When we help others around us, it can subconsciously give us more self-confidence. Look for new or unique ways to give back in your life. Maybe that’s a call for volunteering at a local non-profit organization. Maybe that’s supporting a friend during a tough time or in the middle of moving into a new home. Or it could be simple things for strangers, like holding doors open or letting people into your lane in the middle of rush hour.

Whatever that may look like for you, practice being open to a “giving” mentality and notice how differently you feel.


Sure, exercising at the gym or going on more hikes can boost your health and tone your muscles. But the actions we take while exercising can actually improve our confidence and self-confidence on a physical level.

During exercise, our bodies release endorphins. These chemicals inside our bodies interact with our brains in some powerful and positive ways that reduce stress and anxiety, improve our sleep, and make us overall happier and more confident.

Try to relax

One of the things that contribute to low self esteem is a constant feeling of stress. So it’s important to know how to relax. When you’re stressed, your negative thoughts will take charge, making you focus on your weaknesses instead of your strengths. This will even aggravate your stress and lead to more low self esteem.

Take time to do something you find relaxing. Practice self care.
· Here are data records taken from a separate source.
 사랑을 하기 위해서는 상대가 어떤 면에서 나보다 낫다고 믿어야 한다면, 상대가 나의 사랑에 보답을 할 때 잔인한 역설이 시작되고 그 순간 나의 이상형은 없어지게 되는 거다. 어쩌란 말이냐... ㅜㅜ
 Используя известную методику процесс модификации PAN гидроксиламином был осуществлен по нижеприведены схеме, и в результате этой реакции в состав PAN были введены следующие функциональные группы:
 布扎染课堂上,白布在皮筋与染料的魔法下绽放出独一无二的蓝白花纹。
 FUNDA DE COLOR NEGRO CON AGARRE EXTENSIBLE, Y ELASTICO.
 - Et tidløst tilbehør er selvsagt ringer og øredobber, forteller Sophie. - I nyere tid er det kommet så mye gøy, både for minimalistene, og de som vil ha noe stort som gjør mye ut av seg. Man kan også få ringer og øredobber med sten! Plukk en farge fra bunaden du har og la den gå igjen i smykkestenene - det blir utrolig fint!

Try doing things such as taking a bath, gaming, guided meditation, singing, indoor dancing, etc. This will reduce your stress and help you feel better about yourself.
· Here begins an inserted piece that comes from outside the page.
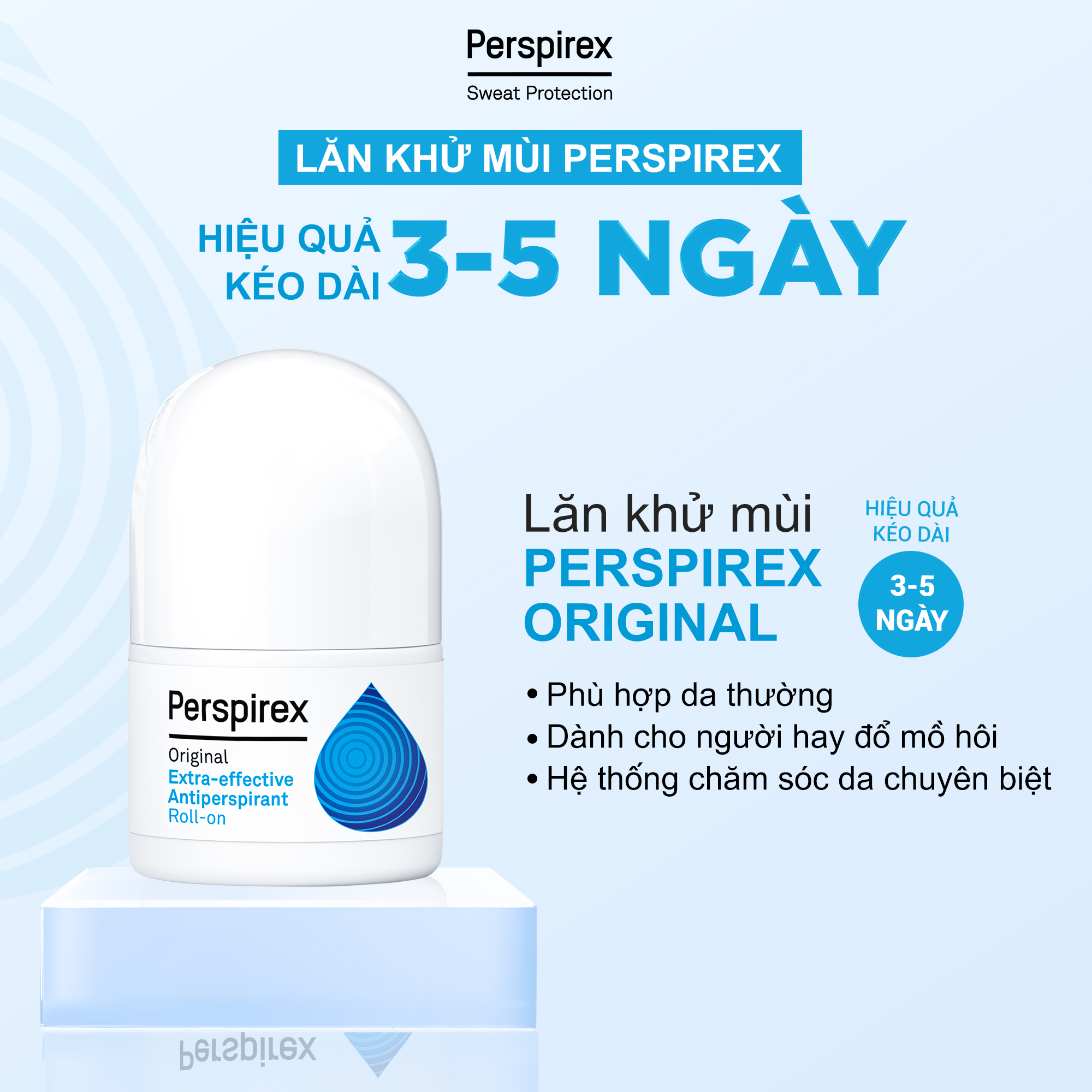 • Lăn khử mùi Perspirex Original (Xanh dương nhạt): Dành cho da thường hay đổ mồ hôi, hiệu quả kéo dài 3-5 ngày.

One last thing: The journey to unconditional self-worth is not always easy. The path is not straight or smooth, and you’ll face setbacks along the way, I certainly have.

Self-confidence is an attitude about your skills and abilities. It means that you accept and trust yourself and have a sense of control in your life. You view yourself in a positive light and know what your strengths are, as well as your weaknesses.

It takes courage to free yourself from the conditions you’ve placed on your worth. The process of forgiveness can be messy, it can be scary to accept ourselves as we are. Being there for ourselves can put us face to face with emotional pain, and connecting to others can make us feel vulnerable. But I’m here to tell you that this journey is also beautiful and worth taking.

On it, you’ll find strength, become grounded in your humanity and know that you are worthy. So I challenge you to embrace yourselves and begin living from a place of worthiness to find your own metaphorical dance floor and move freely. I say dance floor because that’s where my own struggles with unworthiness began.

Turns out I’ve learned a few new moves and I move my body to the rhythm that makes me feel free, exuberant, full of life and worthy.

Ultimately at the end of the day, you have to want to feel better about yourself in order to make a change. Every example listed above on ways to improve your self-esteem is predicated on you doing things in order to improve it. You need to know that you have the ability to succeed in achieving this and rebuilding your confidence and developing higher self-love and worth.